Current state-of-the-art health monitoring approaches strongly build on electrochemical
impedance spectroscopy (EIS). EIS contains the fingerprint of the dynamics of the EECD,
which depends on physical and chemical processes inherent to the device. By definition, EIS
is performed by perturbing EECD with mono-component, low-amplitude sinusoidal signals
with the predefined frequencies. To ensure confident characterisation, the system under
test has to comply with the conditions of stationarity, linearity and causality. However,
as the perturbation times increase, load and environmental disturbances are more likely
to cause distorting effects on the evaluation results, especially in the low-frequency region
below 100 mHz. A way to alleviate the limitations of the conventional sine-based EIS is to
employ broadband switching perturbation like discrete random binary sequence (DRBS).

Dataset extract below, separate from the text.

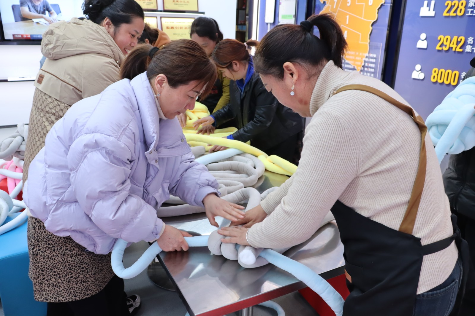 日前, 一群喜爱手工编织的“卡嫂”聚在一起,跟随编织老师的讲授步骤,手眼并用地进行着编织技能学习,现场一派忙碌的景象。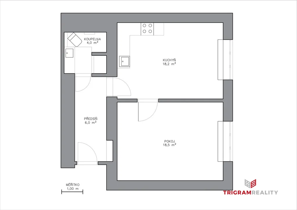 Dispozice jsou patrné z přiloženého půdorysu. Byt nabízí kuchyňský kout

In that case all the frequencies from a wide band are excited at the same time. The
approach is referred to as fast EIS method.
The aim of this dissertation is to revisit fast EIS and propose upgrade that will render
the approach applicable for cost-effective in-field monitoring. The main contributions of
the thesis are threefold.
First, the accuracy of the evaluated impedance spectrum is improved by applying continuous
wavelet transform (CWT) with Morse mother wavelet. It is shown that at ultra-low
frequencies (< 1 mHz) Morse wavelet remains analytical, i.e. completely concentrated at
positive frequencies despite its dispersion. That is essential for correct spectral decomposition
and, consequently, correct impedance estimation. The said properties turned essential
for accurate estimation of the state-of-health (SoH) and state-of-charge (SOC) of Li-ion
batteries.
Second, a numerically efficient approach for the spectral deconvolution by means of the
equivalent circuit model (ECM) and distribution of relaxation times (DRT) is proposed.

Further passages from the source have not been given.